WTO response to the pandemic Based on the demand from WTO members and the need to channel all various and useful efforts on the WTO response to the pandemic, on June 22, 2021, a facilitator-led, horizontal, and multilateral process was set up under the auspices of the WTO’s General Council to streamline and organize work in this area and ensure transparency and inclusiveness.

At the time of writing, work on this outcome—possibly consisting of three parts— was being prepared in the lead-up to the 12th WTO Ministerial Conference: 1. The first part would be a factual reflection of WTO members’ trade-related responses and the WTO Secretariat’s contributions during the pandemic. 2. The second part would reaffirm relevant WTO obligations in various areas. In this regard, delegations noted the importance of having provisions on transparency, trade facilitation, and export restrictions as well as economic recovery, food security, services, regulatory coherence, and technology transfer, among others. Several noted the importance of ensuring resilience and pandemic preparedness and addressing supply-chain bottlenecks and transportation costs. Other suggestions include having a TRIPS and non-IP trigger mechanism, providing policy space, and preserving existing flexibilities. The precise elements and the various proposed paragraphs are currently being negotiated. 3. The third part would involve forward-looking provisions on what the WTO could do to take up matters related to pandemic preparedness and resilience— taking into account lessons learned from the current pandemic and the WTO response.

Policies affecting medical services trade Trade in services and international trade agreements can ensure a response to health demand while also supporting public objectives such as health security. Given the specific nature of medical services, trade-related considerations have not taken center stage in national and international policy making. Health authorities are concerned with the quality of the services provided and equity in access to essential services domestically. Trade in medical services could support the fulfillment of public policy objectives (whether under the auspices of GATS, regionally, bilaterally, or unilaterally) while not constraining the right of governments to regulate.

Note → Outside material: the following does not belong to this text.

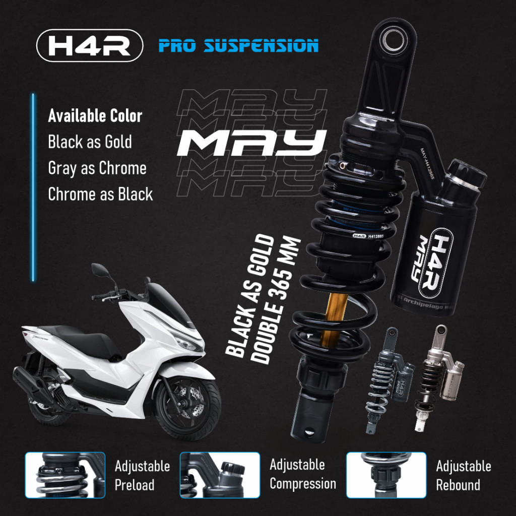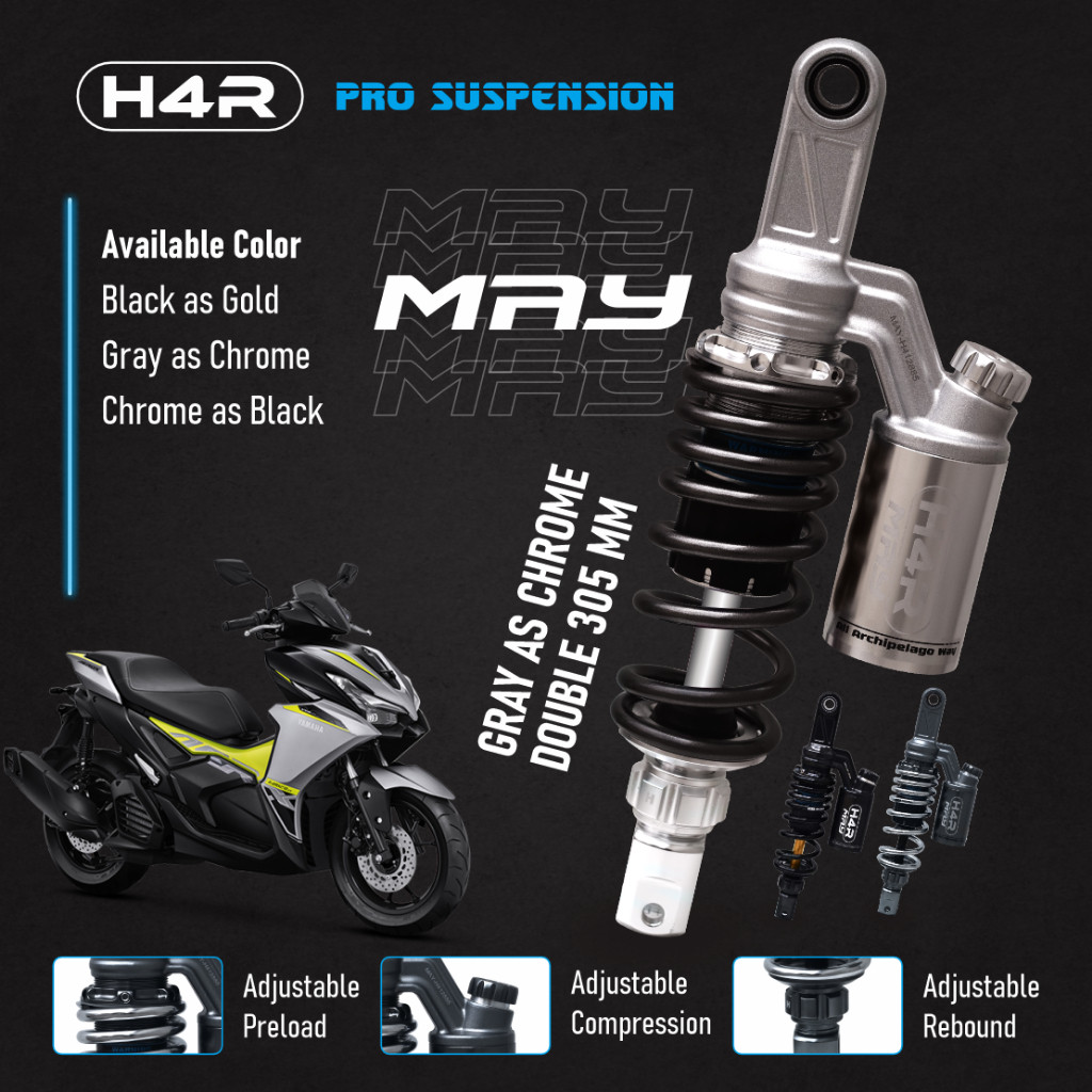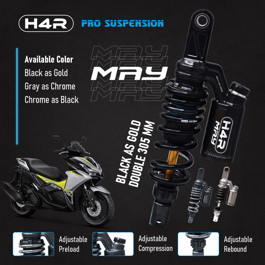 H4R SHOCK TABUNG ATAS MAY SERIES DOUBLE AEROX NMAX NEW OLD PCX 150 PCX 160 305MM 335M 365MM SHOCKBREAKER EVO PRELOAD ADJUSTABLE REBOUND CLICK AKTIF ORIGINAL HI-FORCE ORCA RACING

In general, services trade rules, as in GATS, do not cover government services.33 This would mean, for example, that health services provided for a nominal price by medical service suppliers that are not actively trying to attract customers (patients) are not disciplined by these agreements. Trade agreements also offer many flexibilities for governments to tailor what they are willing to open to foreign competition, and how, based on their public policy objectives—for example, by maintaining market access limitations or discriminatory practices deemed necessary to achieve public health policy objectives.